Set down the whole listing below exactly, without pictures.

• **Input data**
[Start of section]

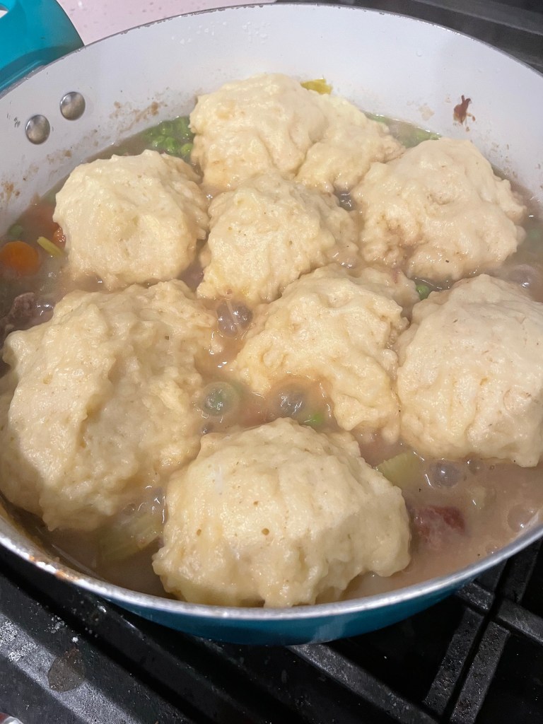Drop 8-10 tablespoons of dumpling mix on top of stew; cover.
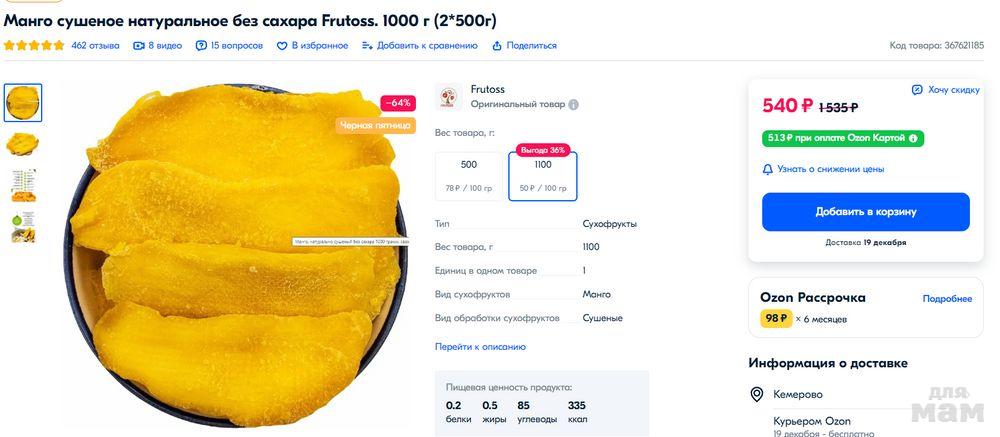 Манго сухое натуральное без сахара Frutoss. 1000 г https://vk.cc/cjptbi
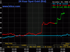 Am 26. 12. haben die US-Börsen zwar geöffnet, doch für gewöhnlich sind die Umsätze winzig. Das dürfte auch für die Edelmetallmärkte zutreffen, sodass schon kleinere Transaktionen grössere Kursbewegungen auslösen können. Der HUI läuft ja auch davon - da müsste man mal einen Blick auf das tatsächliche gehandelte Volumen werfen.
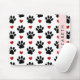 Pattern Of Paws, Black Paws, Red Hearts, Your Name Mouse Pad

[End of section]

• **Problem solution**
Drop 8-10 tablespoons of dumpling mix on top of stew; cover.
 Манго сухое натуральное без сахара Frutoss. 1000 г https://vk.cc/cjptbi
 Am 26. 12. haben die US-Börsen zwar geöffnet, doch für gewöhnlich sind die Umsätze winzig. Das dürfte auch für die Edelmetallmärkte zutreffen, sodass schon kleinere Transaktionen grössere Kursbewegungen auslösen können. Der HUI läuft ja auch davon - da müsste man mal einen Blick auf das tatsächliche gehandelte Volumen werfen.
 Pattern Of Paws, Black Paws, Red Hearts, Your Name Mouse Pad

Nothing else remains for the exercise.